What the task asks:
Nothing but the lines from the first line of the records through the line with "Fig. 6. Deer" should be output, exactly as written and free of pictures.

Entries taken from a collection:
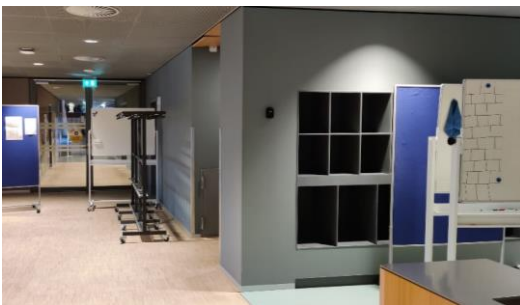
Figure 5: The red circle shows the lockbox in the Learning Plaza

To open these cabinets you will need a key that can be retrieved from the lockbox at the entrance of the Learning Plaza.
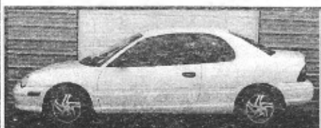
Neon, auto, AC, all factory equip. only $99 down*
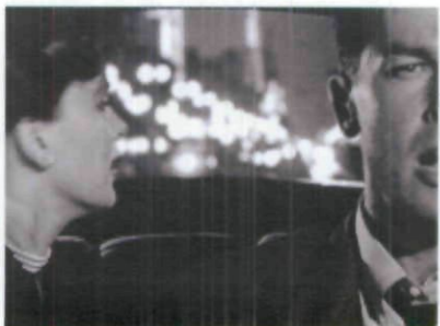
Fig. 31 Hampton in Reverse
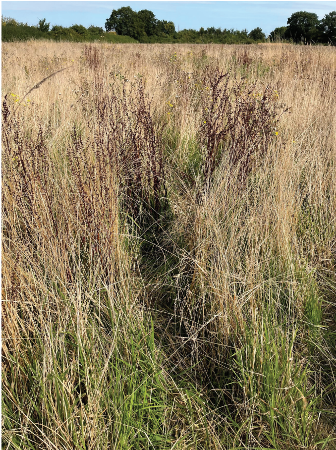
Fig. 6. Deer paths through tall grassland, creating localized variation in sward structure in older fields.

Soil fertility. —On soils with high fertility (e.g., clay) farmed intensively for years, a low diversity, tussocky sward less favorable to Orthoptera may develop (Gardiner 2006, 2009). Natural regeneration on highly fertile arable soils often produces grassy swards of low diversity with minimal benefits to Orthoptera due to unfavorable tall sward height and lack of structural diversity (Gardiner 2009) or to butterflies that are restricted because of the dearth of nectar sources (Field et al. 2005, 2006, 2007). Therefore, farmland suitable for the maximal rewilding benefits must be carefully chosen. Farmers could remove fields from arable production and rewild them on the infertile or difficult-to-crop parts of their farms, perhaps rewilding 10–15% of total crop area. Rewilding Max may be the preferred option in these circumstances for Orthoptera, in that active conservation grazing is probably unnecessary where wild grazers such as lagomorphs can have a significant beneficial impact for invertebrates.
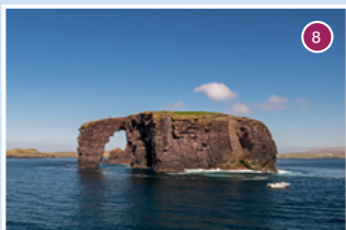
Eshaness and Dore Holm – Dramatic cliffs and volcanic scenery.
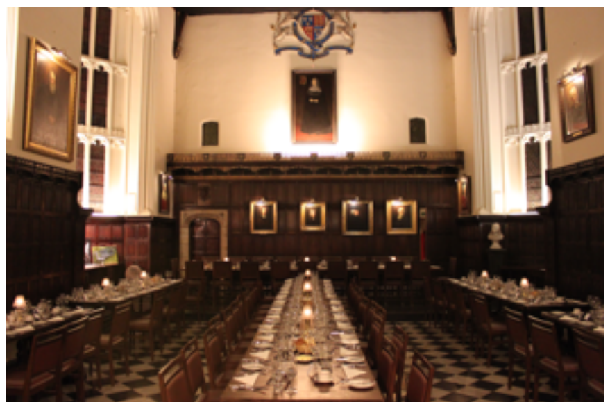
Formal Hall —
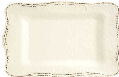
17" x 11" Rectangle Tray No. FH-580MEL H 7/8 6 pcs./10# • .4 cu. ft.
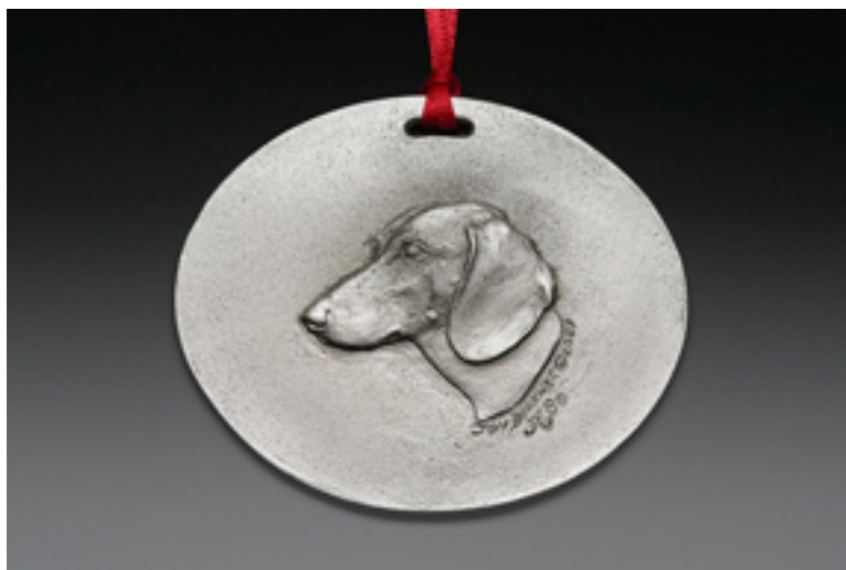
"Inspiration" 3 3/8" x 2 3/4" x 1/4" PEWTER, EDITION OPEN, ©2009 Sculpture Photography by Mel Schockner and Don Casper :: Bo Duke Photography by Joy

636-532-3216 :: INFO@JOYBECKNER.COM :: WWW.JOYBECKNER.COM JOY KROEGER BECKNER, 15268 KINGSMAN CIRCLE, CHESTERFIELD, MO 63017-7412
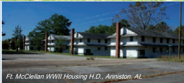
Ft. McClellan WWII Housing H.D., Anniston, AL
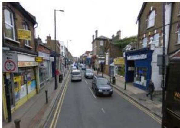
Figure 5: 'The first step is to remove items that are not fixed and can be simply lifted from the streetscape. The illegal A-boards are gone and the street is cleared of any rubbish. Even after this initial stage is possible to notice the marked improvement in space available to pedestrians.'

However, this guidance is not followed by many local highway authorities. TfL controlled streets are as cluttered as many others in London, sometimes more so.
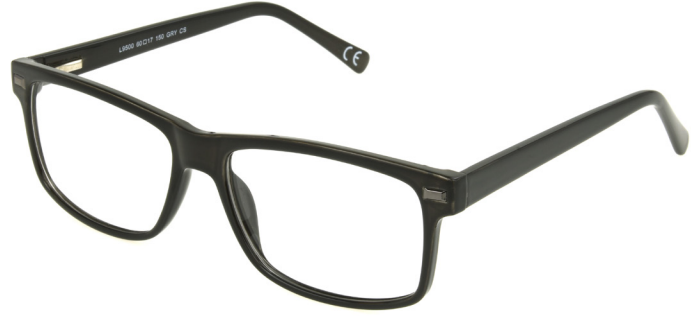
SKU: 10308674 Style: L9500 GRY Color: Grey Category: Adult Material: Plastic Size: 60 17 150
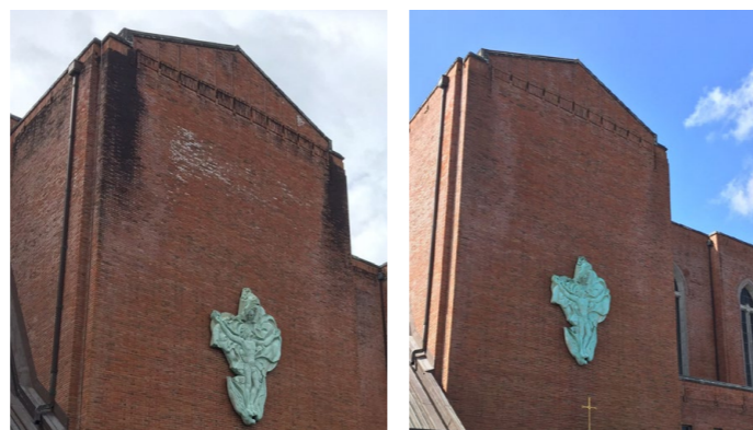
Cleaning the exterior of the Cathedral - Before and After

there had always been a hope that the exterior brickwork of the Chancel, as well as the exterior of the Nave, might have a thorough wash-down that would deal to the decades of accumulated moss and mould. It wasn't quite as easy as "spray and walk away", but the team from Building Wash Services spent nearly a week carefully working their way around the whole building, mostly working from a high-lift crane. They successfully dealt to the moss and mould that had blighted the exterior appearance of both buildings, and that ran the risk of degradation to the cladding, especially the brick and mortar. The difference that the wash-down has made is substantial, and the photos below remind us of the before and after. We were fortunate that the Selwyn's Vision budget could extend to this project as part of the "completion" of the Cathedral.
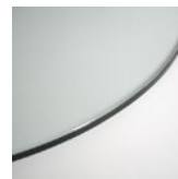
UV bonded clear glass polished edges
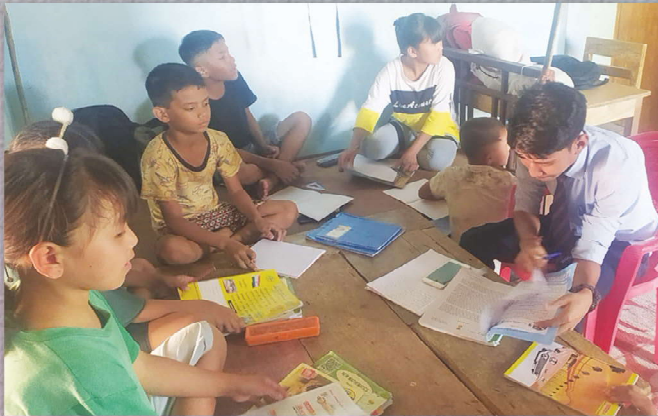
Teaching the Children of 'Hosanna Orphan Home' by the NSS volunteers of HGC
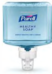
Purell 7777 ES8 Fresh Scent Foam
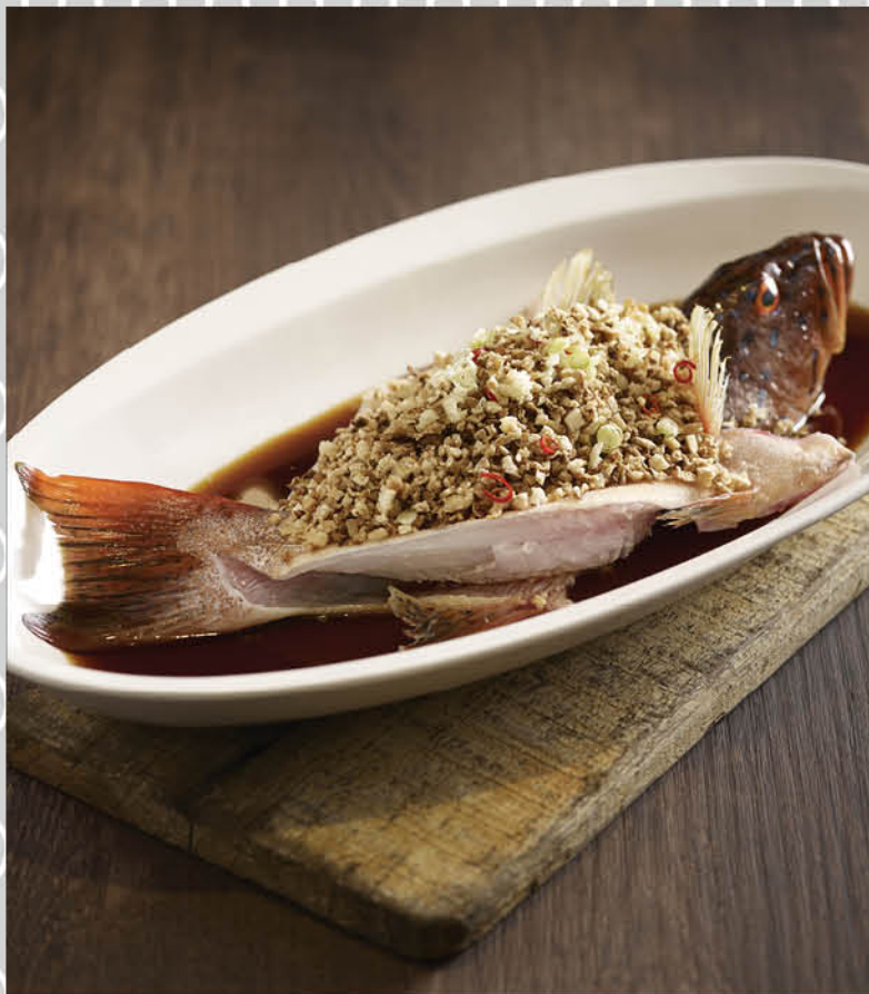
菜脯蒸 Steamed with Preserved Radish
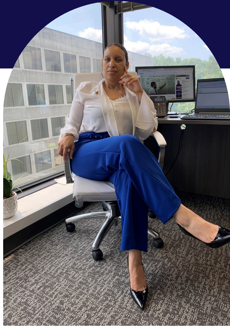
CEO, MDH MORTGAGE
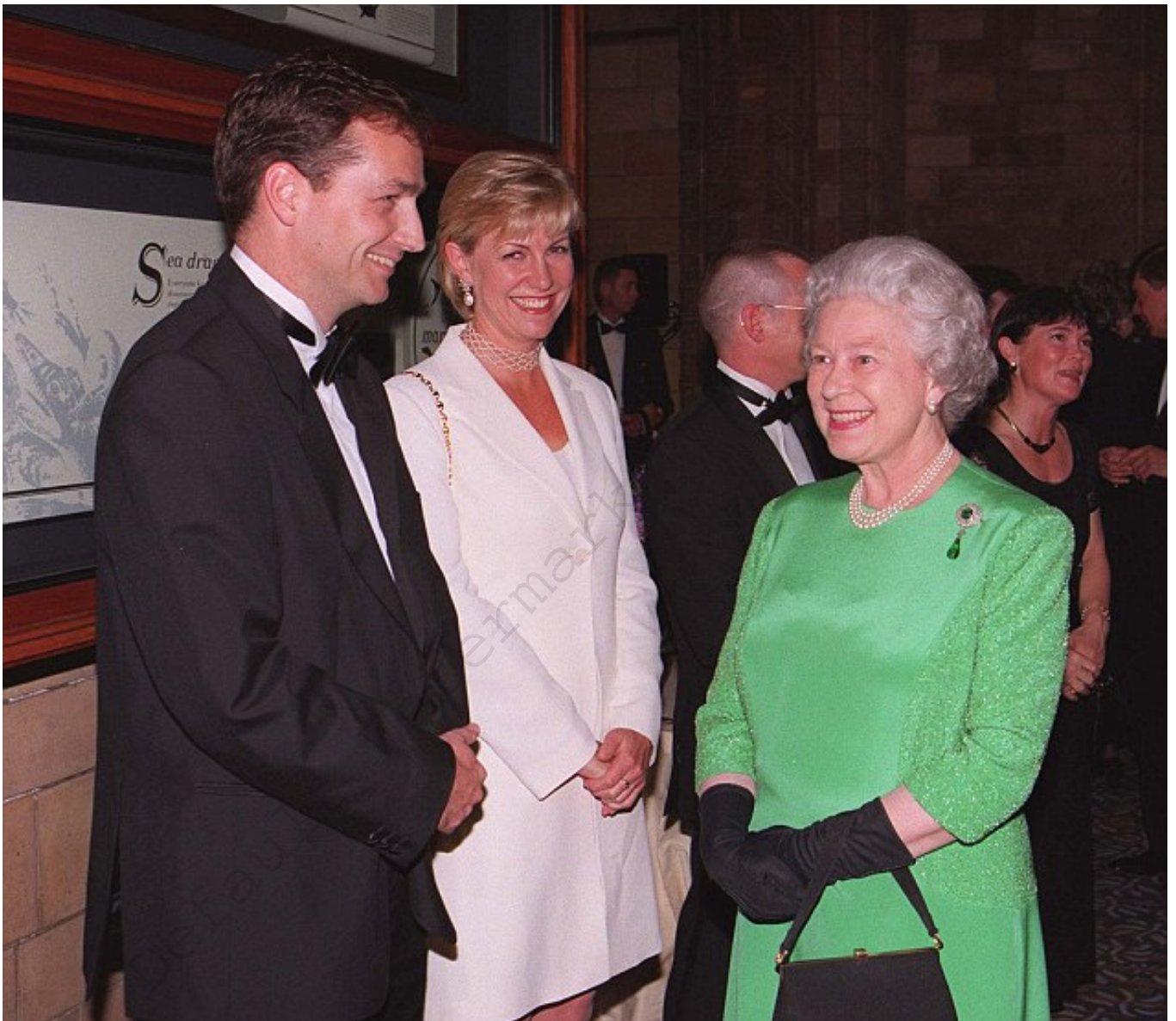
Alan Farthing, Jill Dando meet the Queen; Celebration of Scouting at the Natural History Museum in London
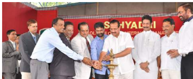
The Government Research Center, Incubation Center, Placement and Training Center Inaugurated by the then Hon'ble Chief Minister of Karnataka
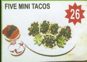
FIVE MINI TACOS
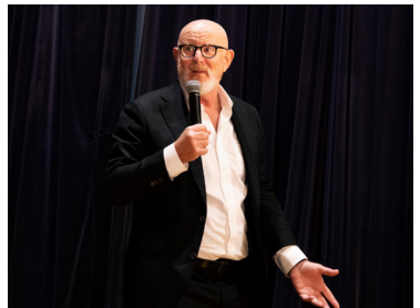
Comedian Peter Berner hosted the 2021 Foundation cocktail party.
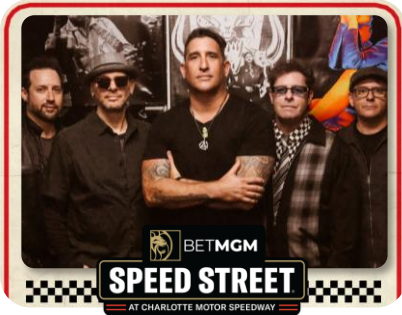
SMASH MOUTH MAY 24
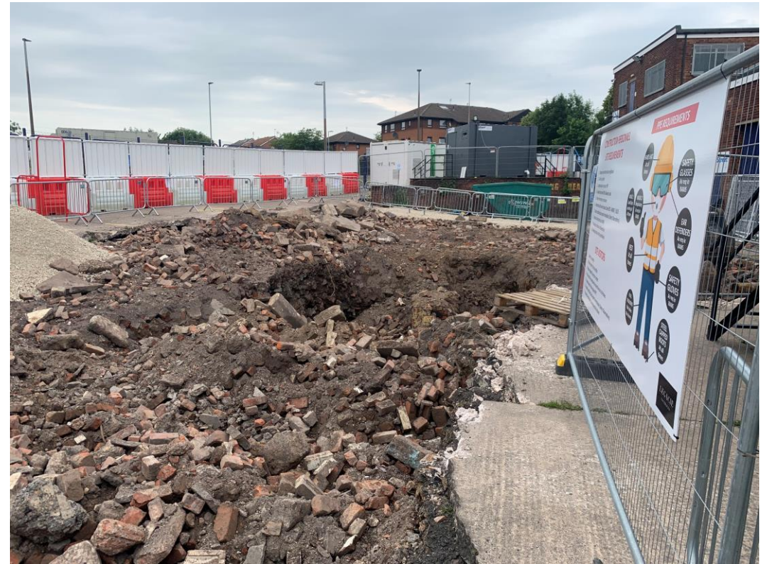
Site Compound adjacent excavation
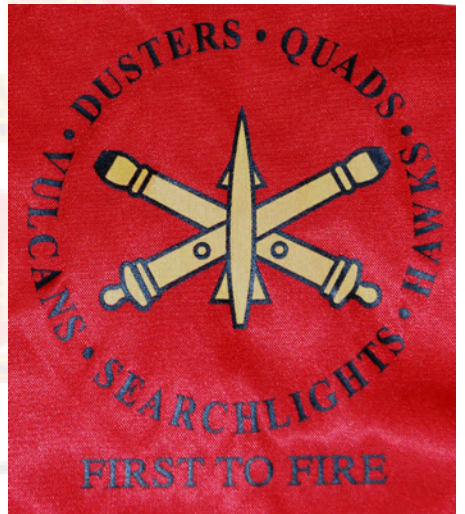
Front of Jacket Logo (above) Patch with units (below)
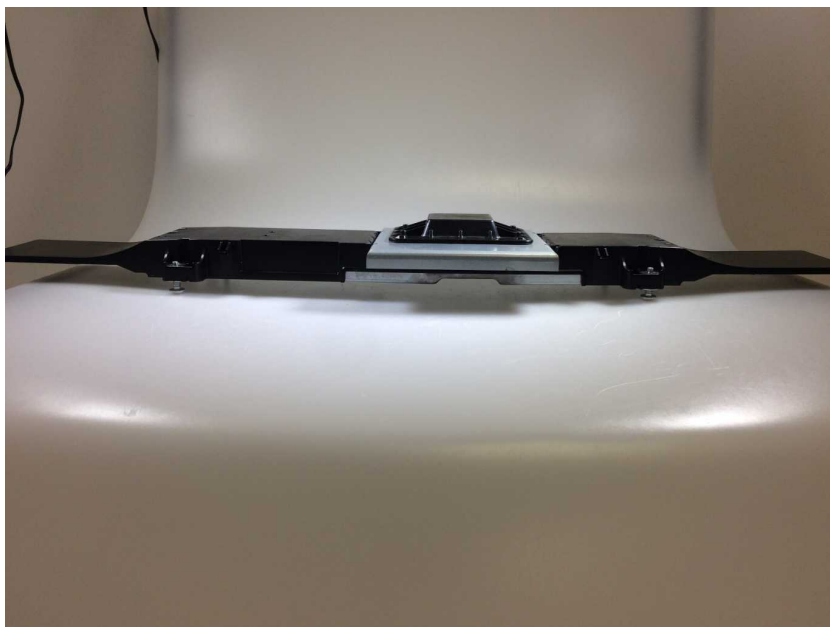
side view antenna 2
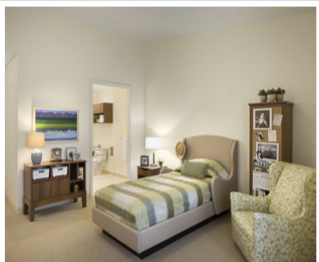
Abe's Garden Memory Care Residential Suite – Copyright Sarah Mechling Courtesy Perkins Eastman.

While certain decorative elements are art-themed in this household to promote creativity and help with wayfinding, its core elements are replicated in the other two households: an open kitchen, located in slightly varied, but with close proximity to residential suites to activate sense of smell and cue mealtime; somewhat contemporary, yet familiar homelike environments, including a living room and flexible spaces for dining and other engagement; small, intimate nooks to provide places of respite for residents and visitors; courtyard views; clerestory and floor-to-ceiling windows that provide ample natural light.
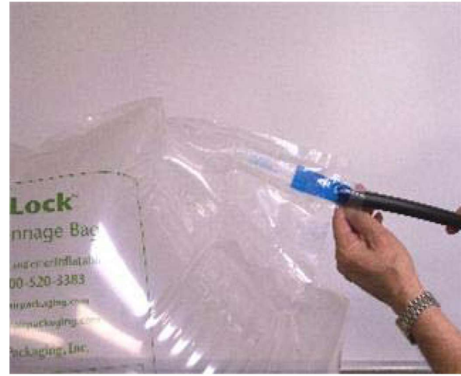
Step 2. Insert deflator tube into blue valve.
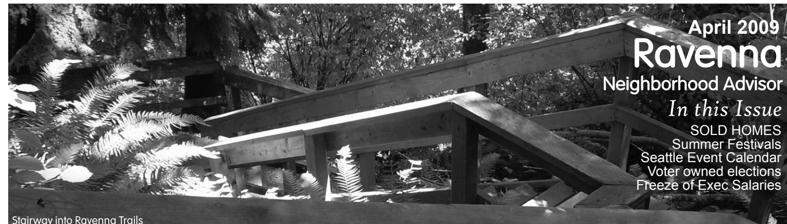
Stairway into Ravenna Trails
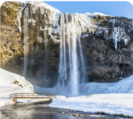
Seljalandsfoss waterfall Visit the stunning waterfall
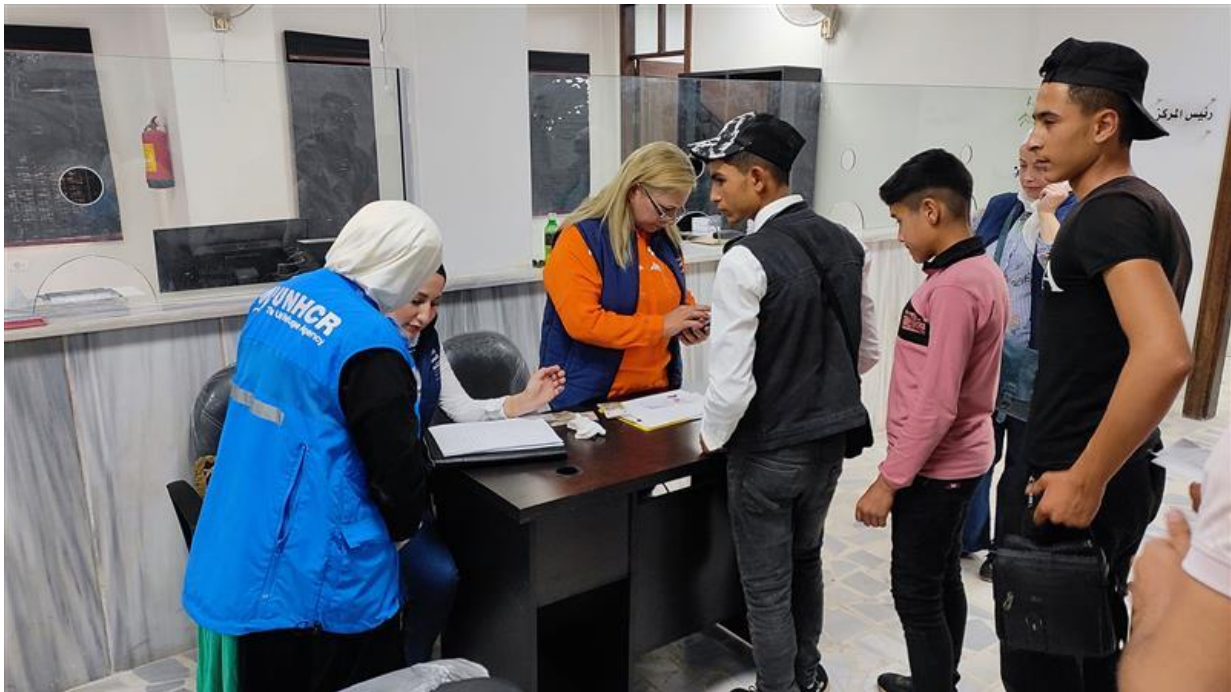
Legal support for issuing civil documentation/IDs for the students coming from neighbouring countries to sit for national exams.

The legal services are offered in different forms, including legal interventions and representation before courts and other governmental bodies, individual legal advice , and legal awareness-raising sessions. Interventions before courts or other governmental bodies support vulnerable individuals who have protection concerns, limited capacity to follow the legal procedures and requirements, difficulties reaching the administrative and legal bodies, or who encounter financial constraints.
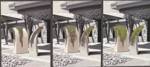
Conceptual illustrations of Flower of Flight with growth over time: 15 years (Sculpture by Greg Reiche)
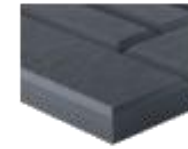
Sedona, Club, Oxford
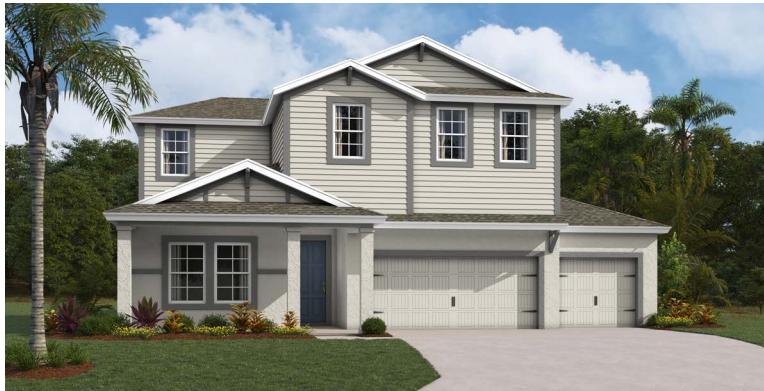
Coastal B | COA11

Answer to the exercise:
Figure 5: The red circle shows the lockbox in the Learning Plaza

To open these cabinets you will need a key that can be retrieved from the lockbox at the entrance of the Learning Plaza.
Neon, auto, AC, all factory equip. only $99 down*
Fig. 31 Hampton in Reverse
Fig. 6. Deer paths through tall grassland, creating localized variation in sward structure in older fields.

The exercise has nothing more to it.